Veja, o curso de teatro, eu já ouvi depoimentos assim, dos professores que participaram do processo de criação, de que muito do que nós fazíamos no grupo Chama Viva interferiu muito na concepção e na percepção da necessidade de um curso de teatro. Já ouvi isso da professora Rose Bodinar, da professora Kátia Maia Flores, que agora é superintendente de Cultura do Estado . O curso de teatro aqui na UFT contribuiu muito. Primeiro, me fez repensar a minha prática teatral, num processo muito rico de reflexão. Acho que o curso traz uma contribuição para a cena cultural, cena teatral da cidade. Acho que ele provoca uma intervenção na medida que coloca mais pessoas com a possibilidade de fazer e com conhecimento mais consolidado sobre o que é o teatro. Onde é que podemos chegar, o que podemos fazer. Eu te confesso que o curso me deu uma possibilidade pedagógica extraordinária. Eu penso o teatro hoje, mesmo quando estou tratando com profissionais, de uma forma muito mais estruturada, e muito mais pedagógica e mais profunda enquanto arte do teatro como sentido para a vida. O curso traz uma contribuição enorme, tem mais pessoas pensando no fazer e mais pessoas fazendo. Na avaliação que eu faço, o teatro aqui está precisando de um boom. Mas é mais do que recursos, os profissionais da área precisam repensar o que estão fazendo no momento. Para que esses teatros possam ser mais projetos e menos eventos. Faço uma crítica, não aos editais. As pessoas se atentam pegar os recursos aí montam um espetáculo que termina sendo um evento. E o teatro deixa de existir enquanto processo.

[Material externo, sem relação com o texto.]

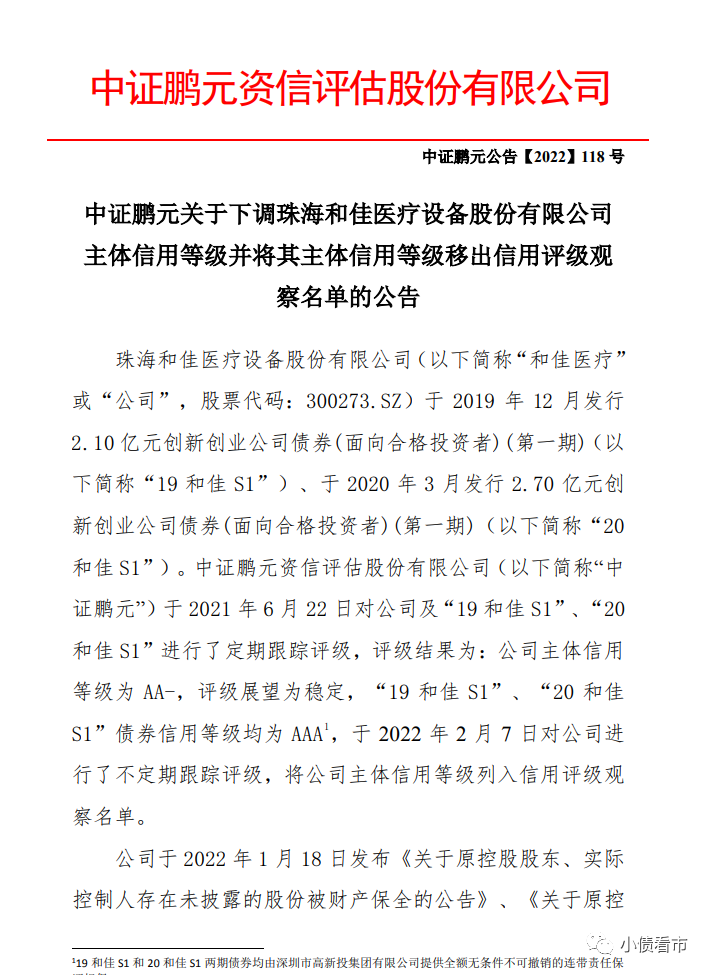 此前,2月8日中證鵬元已將和佳醫(yī)療主體信用等級(jí)列入信用評(píng)級(jí)觀察名單。
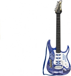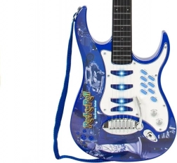 Denne blå elektriske børneguitar er skabt til små rockstjerner! Lavet af kvalitetsplast, den tilbyder et realistisk design med metalstrenge og nem håndtering takket være den medfølgende rem.

Acabei de realizar aqui pela prefeitura, algo que me trouxe muita satisfação. Um grupo de atores que foi selecionado em 2020. Aí veio a crise da pandemia. Nós temos aqui num projeto que eu coordeno de formação de atores e plateia, a Companhia de Teatro Fernando Monte Negro que já existe a sete anos. E nesse período a companhia não produziu um espetáculo, ela produziu um processo de resistência do teatro, que passou pela pandemia, passou pela construção de um espetáculo e que agora, acabamos de percorrer oito regiões da cidade, levando o espetáculo dentro de uma estrutura que adequa, que se monta de acordo com geografia do lugar, de acordo com a comunidade. Isto, torna o teatro muito mais potente. Talvez essa seja a contribuição, ou a provocação do Cia Fernanda Monte Negro, acho que os grupos precisam resgatar o espírito que tivemos, grupos como o Renascimento, o Chama Viva, que fizeram história.

Acho que a humanidade vai sempre resistir, como a arte vai sempre resistir, como o teatro resiste há quase quatro milênios
Em tempos de pós-verdade, ainda há espaço para a utopia?
A utopia é inevitável na arte. o sonho é inevitável para o artista. Se você não tem utopia, se não tem sonho, se não formula possibilidades poéticas e estéticas a arte deixa de existir. Sempre a existência da arte vai apontar nesta direção. Acho que neste momento a gente tem uma responsabilidade muito maior. Nós vivemos tempos líquidos mesmo. A pós-verdade isso se tornou mais acentuado. É uma desconstrução pela mentira, uma desconstrução pela superficialidade de tudo e a gente precisa e a se contrapor a isso. O teatro tem um papel fundamental neste momento. E a arte de um modo geral tem um papel estratégico de se fortalecer e se comunicar. Aí o desafio de se comunicar de que forma dentro desta sociedade tão descartada, do TikTok, das coisas tão rápidas, o que tem valor neste momento, ele perde até ser substituído por uma outra postagem. Como é que a gente lida com este universo? Como é que a gente reflete este universo? O homem continua portando sentimentos, trazendo as suas complexidades e as suas contradições e elas se conflitam com essa liquidez. Se a gente não tiver um lugar, não propor uma forma que saia do trivial, do lugar comum para refletir este novo comportamento social, o teatro corre o risco de perder o seu sentido, que é de sempre colocar o homem diante de seus conflitos. Sou muito esperançoso. Acho que a humanidade vai sempre resistir, como a arte vai sempre resistir, como o teatro resiste há quase quatro milênios.